The US’s sanctions policy against Russia is evolving from trying to nudge the Kremlin in a desired direction to inflicting maximum pain. This is a slippery slope, and it’s time to consider the most extreme consequences for Russia, as well as the US and its allies.
During a Senate Banking Committee hearing this week, a telling exchange took place between Republican Senator John Kennedy and the Trump administration’s senior sanctions officials.
Kennedy demanded to know what they would do if the president ordered them to bring the Russian economy "to its knees.” They wouldn’t give a straight answer, saying instead that the ramifications of such a goal would need to be assessed and that current sanctions were already aggressive. Irritated, Kennedy insisted: “But the economy hasn’t been brought to its knees!”
His frustration is understandable. The US has levied sanctions, or said it will, in response to a series of Russian actions: the annexation of Crimea, the fomenting of a pro-Russian rebellion in eastern Ukraine, the attempted poisoning of an ex-spy in the UK and a string of cyberattacks.
Treasury Undersecretary Sigal Mandelker said in her testimony that she believes Russia’s “adventurism” has indeed been checked by the economic pain the sanctions have inflicted.
Obviously, the US measures are a nuisance on several levels. They have triggered a drop in foreign direct investment from which Russia, despite its recent economic growth, hasn’t recovered. Some big energy projects have been set back by at least a few years. Then there’s the damage to wealthy Russians and their companies. It’s unclear how many of their assets have been frozen, but a US Treasury Department report to Congress this month put the number in the “hundreds of millions of dollars” in the US alone.

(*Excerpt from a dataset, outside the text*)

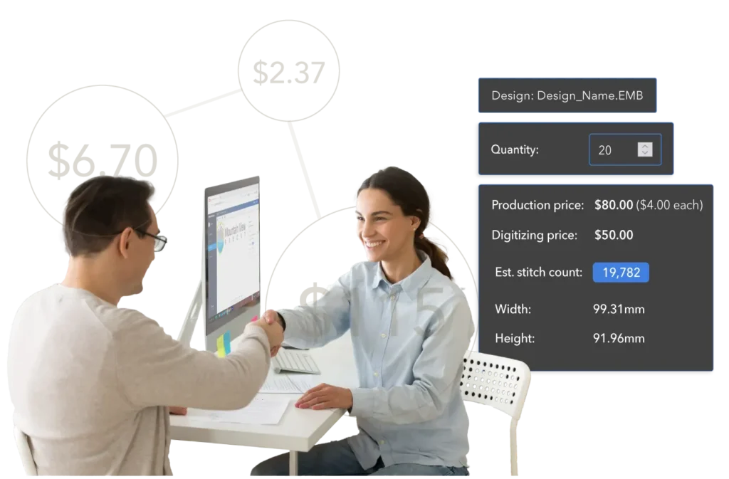 Generieren Sie sofort visuelle Darstellungen von Stickereidesigns und Produktionspreisen, damit Sie direkt vor Ort Angebote erstellen können. Dies stärkt das Vertrauen der Kunden, verbessert die Effizienz Ihrer Dienstleistungen und führt zu mehr erfolgreichen Interaktionen.

Anyone would like such problems gone. But Russia’s unapologetic stance, and the absence of any steps by President Vladimir Putin that could be interpreted as a peace offering, show that the Kremlin isn’t prepared to give any ground to get the US to step back. That creates the temptation in Washington to make such pressure overwhelming. Even if the Trump administration doesn’t want to go there, many legislators do.
In the most extreme case, Washington could impose the same kind of embargo as it did on Iran. That would make it impossible for any company with ties to the US to have any dealings with Russia. It could cut off all Russia’s banks from the dollar-based financial system and punish buyers of the country’s oil and gas.
Not even the most hawkish are willing to consider the oil and gas part of this option. Russia is the biggest natural gas exporter in the world and produces about three times as much crude oil as Iran. Removing it from the market would unleash a global energy crisis.
The Senate bill goes about as far as is possible without setting off such cataclysms.
Further restrictions against Russia’s energy and tech industries would likely mean reprisals for US companies operating in the country. The biggest 50, among them Philip Morris International Inc., PepsiCo Inc. and Procter & Gamble Co., have sales of about $16 billion there, according to Forbes Russia. The Kremlin has been as hesitant to declare war on these businesses as the last two US administrations have been to use maximum economic force against the Russian energy and finance sectors.
As the US begins to consider an all-out economic war, the two strategic questions it needs to answer are: what it is willing to pay to extract any concessions from the Putin government at all, and how long it is prepared to wait.
Macroeconomically, Russia, with unemployment at a record low, modest inflation and $400 billion of international reserves, is unlikely to collapse.
If less than maximum pain is applied, Russia could manage for years with relatively low growth. That is the basis for Putin’s calculations. It bodes badly for the current direction of US policy. If Washington inflicts as much pain as it can — and nothing changes — it will be a painful failure for the superpower.